Johanna Baxter, UNISON Scotland head of local government, said that its members had been left with “no other option” but to take strike action.

“This is the first wave of strike action which will only escalate if a significantly improved pay offer is not forthcoming,” she said.

“Strike dates for schools and early years workers will be confirmed in the coming days.

The responsibility for this action lies squarely with the Scottish Government and COSLA, neither of whom seem to have grasped the gravity of this situation. 

“Inflation is projected to be as high as 13%, the cost of living crises is hitting people’s pockets now and yet local government workers still only have a 2% offer on the table, the lowest offer in the public sector.  They have had months to sort this out but all we seem to get is dither and delay.”

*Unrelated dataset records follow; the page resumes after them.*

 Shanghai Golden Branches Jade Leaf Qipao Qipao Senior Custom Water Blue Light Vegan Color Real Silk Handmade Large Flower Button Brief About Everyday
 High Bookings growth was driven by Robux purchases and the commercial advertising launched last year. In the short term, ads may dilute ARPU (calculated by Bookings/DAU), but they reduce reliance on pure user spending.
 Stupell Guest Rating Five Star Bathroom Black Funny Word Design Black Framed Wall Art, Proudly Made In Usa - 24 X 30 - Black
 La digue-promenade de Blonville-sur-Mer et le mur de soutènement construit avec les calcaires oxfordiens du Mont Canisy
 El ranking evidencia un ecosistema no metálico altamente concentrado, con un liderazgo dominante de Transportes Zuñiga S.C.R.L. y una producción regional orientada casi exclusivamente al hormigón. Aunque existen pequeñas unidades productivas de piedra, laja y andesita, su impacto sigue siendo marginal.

Baxter continued: “Our understanding is that the money provided by the Scottish Government is half of what COSLA asked for and goes nowhere near matching the pay offer provided to council workers in England, Wales and Northern Ireland. 

“If this is true then the Scottish Government and COSLA need to get back round the table and come up with a better plan or services will stop. 

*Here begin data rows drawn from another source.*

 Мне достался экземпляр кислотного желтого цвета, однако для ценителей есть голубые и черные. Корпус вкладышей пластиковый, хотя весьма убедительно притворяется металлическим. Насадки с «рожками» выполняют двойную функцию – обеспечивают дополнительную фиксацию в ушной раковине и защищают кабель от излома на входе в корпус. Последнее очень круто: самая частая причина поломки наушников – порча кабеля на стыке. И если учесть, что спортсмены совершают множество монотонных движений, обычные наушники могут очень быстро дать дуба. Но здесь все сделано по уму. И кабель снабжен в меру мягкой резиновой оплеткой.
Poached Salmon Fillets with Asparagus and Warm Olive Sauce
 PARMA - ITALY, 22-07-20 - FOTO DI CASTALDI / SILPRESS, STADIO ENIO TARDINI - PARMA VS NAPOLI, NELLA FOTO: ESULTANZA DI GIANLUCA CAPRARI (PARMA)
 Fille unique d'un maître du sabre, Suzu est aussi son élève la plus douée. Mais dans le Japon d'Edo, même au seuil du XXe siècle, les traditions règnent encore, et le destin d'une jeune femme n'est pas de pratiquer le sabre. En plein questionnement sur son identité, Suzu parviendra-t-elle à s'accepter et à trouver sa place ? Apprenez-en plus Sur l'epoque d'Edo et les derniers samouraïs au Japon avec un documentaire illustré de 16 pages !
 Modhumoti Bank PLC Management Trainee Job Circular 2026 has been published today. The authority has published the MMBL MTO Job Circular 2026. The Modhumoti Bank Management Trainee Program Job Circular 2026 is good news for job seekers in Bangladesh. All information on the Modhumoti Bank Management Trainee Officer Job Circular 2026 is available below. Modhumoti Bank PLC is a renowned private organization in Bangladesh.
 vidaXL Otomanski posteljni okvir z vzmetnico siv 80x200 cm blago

“The last thing UNISON members want is a strike but they have simply been left with no other option.”   

Deputy First Minister John Swinney earlier said that the Government needs local authorities to make an enhance offer to employees.

“I have listened and I announced an extra £140m of new money to go into local government on a recurring basis to support a higher pay award for members of staff,” he told BBC Good Morning Scotland.

“That is money I will have to take from another part of the Scottish government. When local government came to me for additional money they recognised it was not an issue for the Scottish government to solve in its entirety. It is a partnership.

“I would expect local government to match that.”

Swinney added: “We need local authorities to make an enhanced offer to employees.”